100 anos do Dia Internacional das Mulheres. Ou seja, no mínimo, 100 anos de luta das mulheres. Conquistamos muitos direitos, e não foi fácil. Mulher, hoje, tem o direito de estudar, votar, trabalhar (mesmo
que os índices provem que a mulher ainda ganha menos que o homem na
mesma posição – e se for negra, então…).

Mas, hoje, dizem que com a liberalização, com a pílula anticoncepcional etc, a mulher pode se considerar sexualmente livre. Ela pode, enfim, ser dona e responsável por seu próprio corpo, sem ser
coagida pelo seu senhor (pai, marido, sociedade).
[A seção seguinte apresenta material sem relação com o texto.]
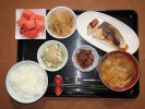 ごはん、味噌汁(白菜、椎茸、あげ)、いなだの白醤油焼き、大根とシーチキン煮(大根葉)、酢の物(もやし、キュウリ、竹輪、白胡麻)、うずら煮、フルーツ:大玉スイカ |
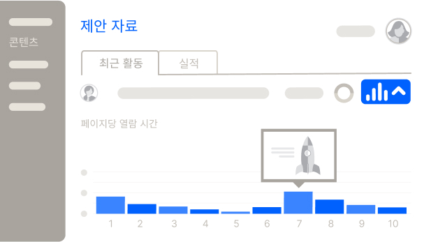 독센드의 애널리틱스 기능은 공유 자료 열람자의 반응에 대한 주요 인사이트를 제공한다. 사용자는 이를 기반으로 적합한 타깃 선별, 선제 대응, 최적화된 액션을 실행해 성과를 극대화할 수 있다.독센드가 제공하는 열람자의 반응과 선호도에 대한 인사이트는 풍부한 미디어와 영상 자료를 결합해 설득 대상에게 간결하고 설득력 있는 스토리를 전달할 수 있도록 지원한다.
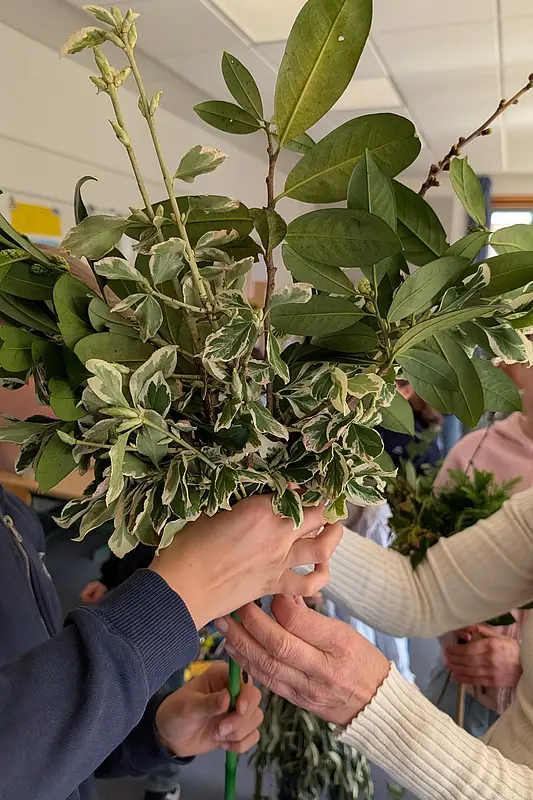 Die Schülerinnen und Schüler haben Stöcke und Grünschnitt mitgebracht - auch Blütenzweige und Blumen waren dabei - und sie dann in den Klassen zu Palmstöcken gebunden. Beim Binden und Verzieren gab es zum Glück die Hilfe von Eltern - oder von den Paten aus der 4. Klasse. Vielen Dank - die Ergebnisse können sich sehen lassen!
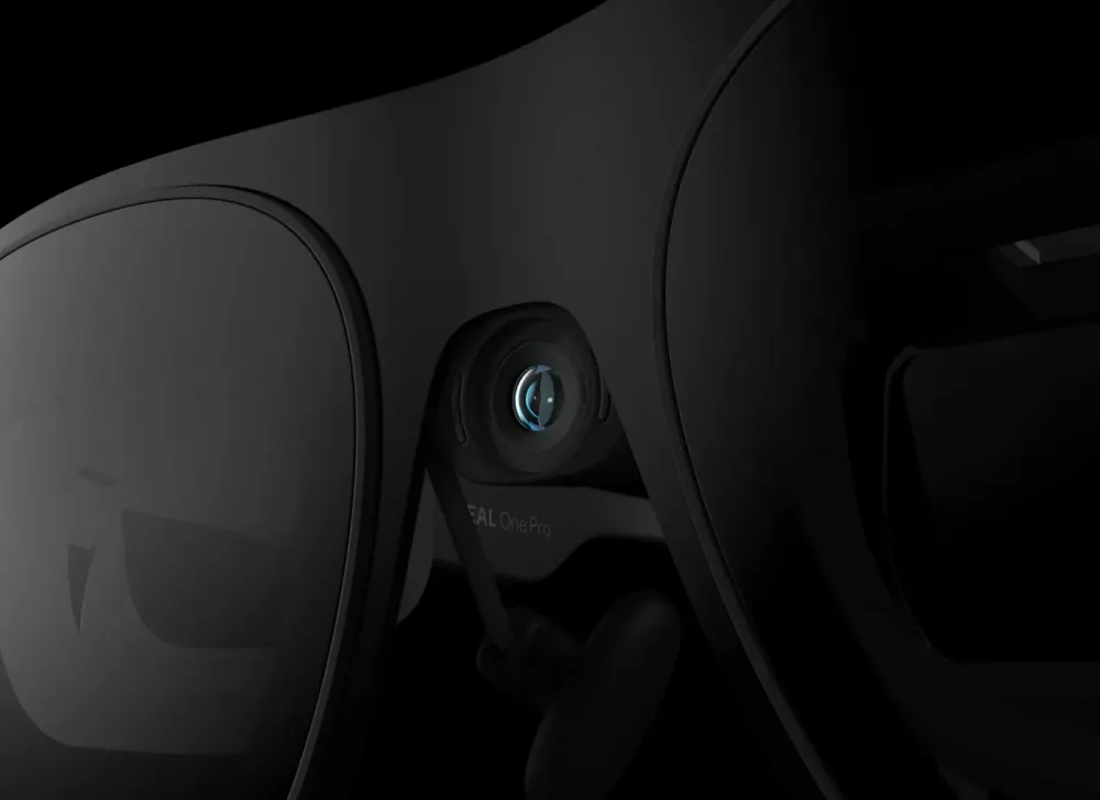 The Xreal X1 chip provides 3DoF tracking (head rotation tracking) without external modules. Connectivity is via USB-C to phone, PC, or Steam Deck. The Xreal Eye camera ($99) supports photo, video, and 6DoF tracking in beta mode, but the image quality is disappointing — pictures and videos are blurry compared to smartphones.
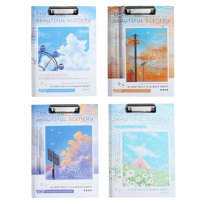 Планшет с прижимом формат А4 картон "Природа", МИКС

PODE?

Entre os muitos recadinhos, ali está, sem critérios, o “ecana vagabunda… eu bem que avisei”. Avisou? A quem? Obrigada por me contar que eu sou uma vagabunda. Obrigada por me contar que você, macho alfa,
tem o direito de fazer não importa o que e eu, pobre fêmea da espécie
que sou, não posso. Obrigada por me avisar que o ambiente universitário
é tão machista e conservador quanto todo o resto da sociedade. É sempre
bom ser lembrada que ainda tenho muito por que brigar… e muita
passeata, muita luta pelo direito das mulheres.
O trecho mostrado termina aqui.